Data provided:
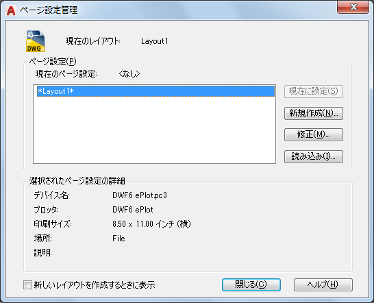現在のページ設定が表示されます。別のページ設定を現在のページ設定にしたり、新しいページ設定を作成したり、既存のページ設定を修正したり、他の図面からページ設定を読み込みます。
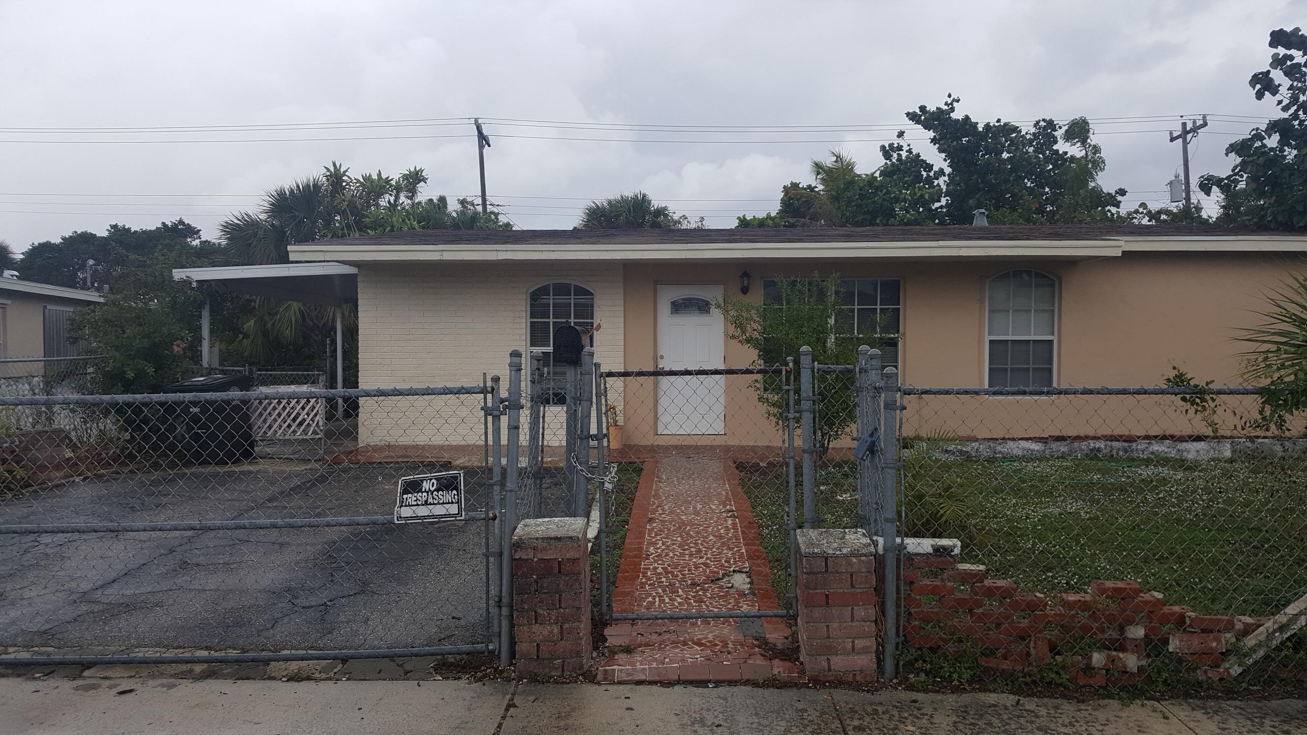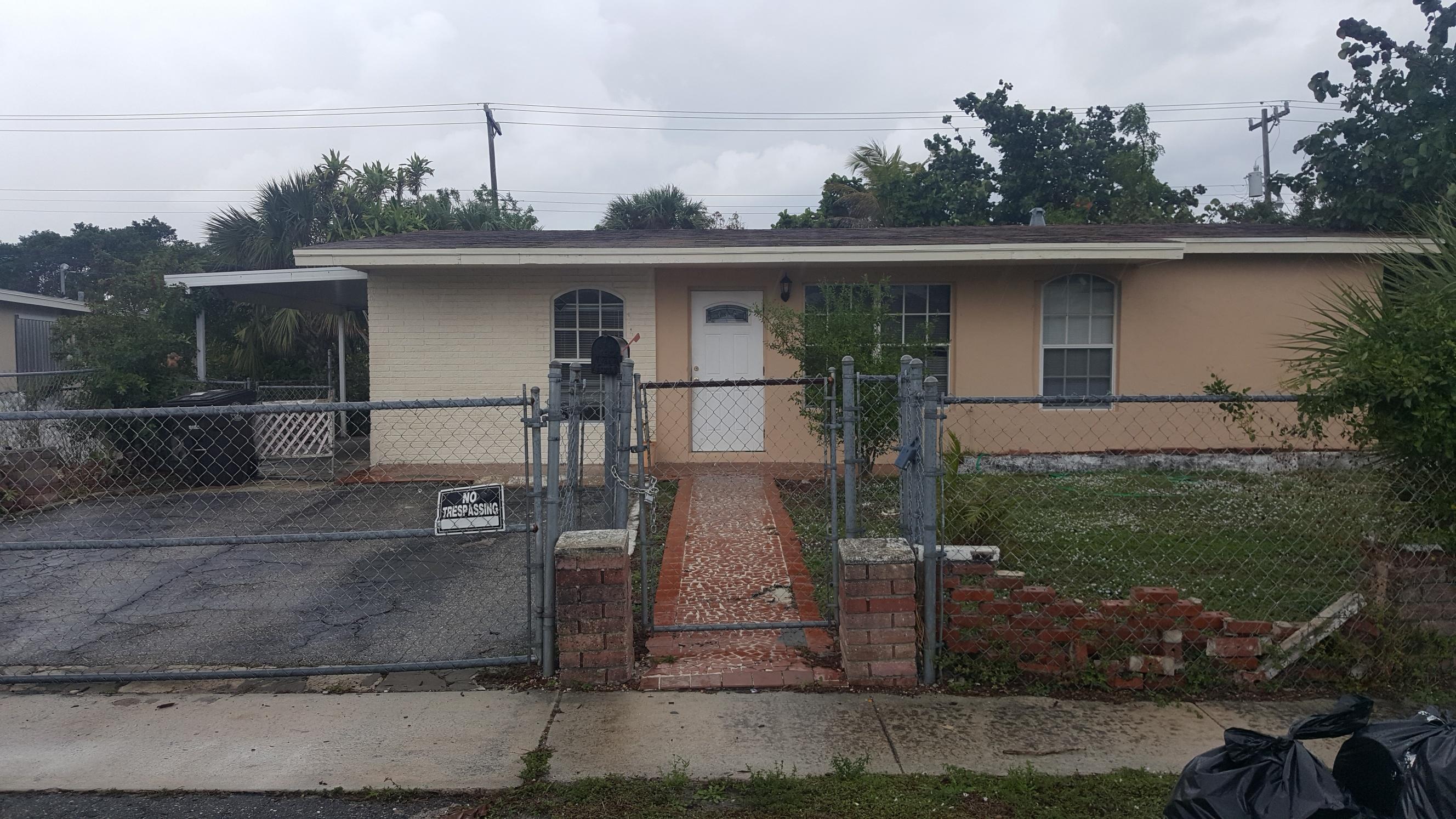 Great starter home. Freshly painted on the inside. Remodeled kitchen with granite counter tops. Separate laundry room and 1 car carport. Parking space for up to 4 vehicles. Large back yard and storage sheds in the back. Needs minor repairs. Easy access to I 95, Downtown WPB, airport and Palm Beach Premium Outlets. has everything you need at an affordable price.
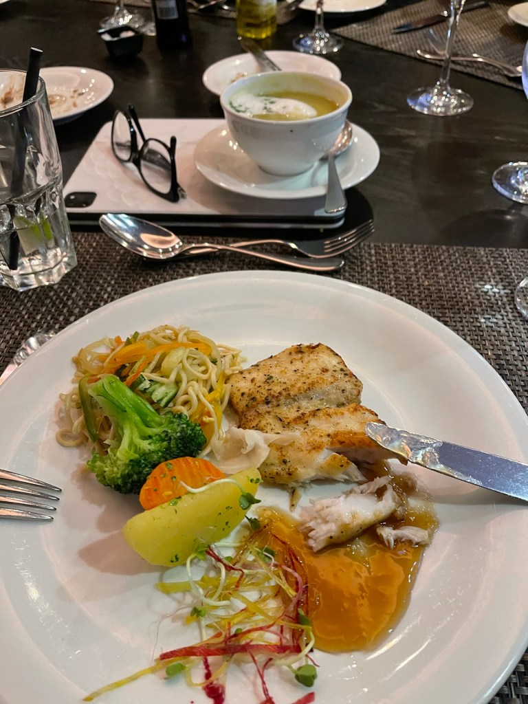 We are on level one. MoD did mention that if the boat leaks we are in real trouble, given we are actually just below sea level. I think we should be safe. There is a gym. First thing we checked. A hairdresser, I am definitely booking in there, a masseur, a pool and food and alcohol on tap.

Instructions for the task:
Could the material above be given again exactly, pictures excluded?

Answer to the exercise:
現在のページ設定が表示されます。別のページ設定を現在のページ設定にしたり、新しいページ設定を作成したり、既存のページ設定を修正したり、他の図面からページ設定を読み込みます。
 Great starter home. Freshly painted on the inside. Remodeled kitchen with granite counter tops. Separate laundry room and 1 car carport. Parking space for up to 4 vehicles. Large back yard and storage sheds in the back. Needs minor repairs. Easy access to I 95, Downtown WPB, airport and Palm Beach Premium Outlets. has everything you need at an affordable price.
 We are on level one. MoD did mention that if the boat leaks we are in real trouble, given we are actually just below sea level. I think we should be safe. There is a gym. First thing we checked. A hairdresser, I am definitely booking in there, a masseur, a pool and food and alcohol on tap.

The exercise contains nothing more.